If we isolate $h/r$ in the above expression, we find that

$h/r \approx 12,$

so it seems reasonable to estimate the ratio of cylindrical height to radius to be around 12; in other words, we can say $y \approx 12$. For this value, we have

$f(12)\approx 1.62.$

In other words, for a typical hot dog, making the butterfly cut will increase the surface area by a factor of approximately 1.62.  It is an open problem to compute this ratio for cocktail wieners.

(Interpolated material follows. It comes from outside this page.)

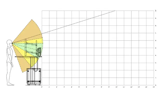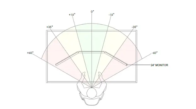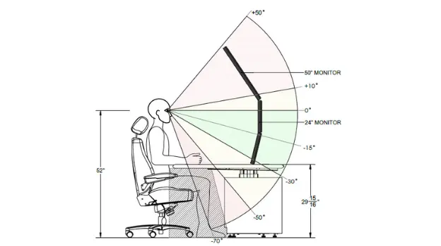 The image above shows normal line of sight for an operator in a normal and relaxed posture while sitting at a Tresco console. The green zone is primary viewing area – no eye or head movement required. Yellow is secondary – eye movement with no head movement. Red is Tertiary – visual limits, head movement required.

Of course, with a more sophisticated cut, we could increase this ratio even further.  If we are willing to make the mathematics more complicated, it’s possible to significantly increase the surface area. To see one example of how this can be done, stay tuned for part 2, in which I will investigate the spiral cut hot dog!

• http://www.aperiodical.com Katie
• http://www.mathgoespop.com Matt

@Katie – yes! This was actually my original inspiration. The mathematics of the spiral cut dog is more complicated than the math of the butterflied dog, though, so I wanted to start with something simpler. My next post will treat the spiral in detail, though, so watch out!!

• http://mrkraft.wikispaces.com Nathan Kraft

I love the idea of using the all edges brownie pan for a lesson. Have you ever seen anyone else use it? How about throwing that bad boy up on 101qs?

• http://www.mathgoespop.com Matt

@Nathan – good idea, i’ll have to toss it up there!

• http://Reflectionsinthewhy.wordpress.com Chris Hunter

@Nathan – Geoff wrote about the brownie pan here: http://emergentmath.wordpress.com/2012/01/07/can-we-make-an-even-edgier-brownie-pan-what-about-the-perfect-brownie-pan/

@Matt – Between the butterflied and spiral, in terms of both difficulty and SA, you have the octodog.

• http://www.mathgoespop.com Matt

@Chris – woah, the octodog looks fantastic! This subculture of hot dog art goes much deeper than I had initially anticipated.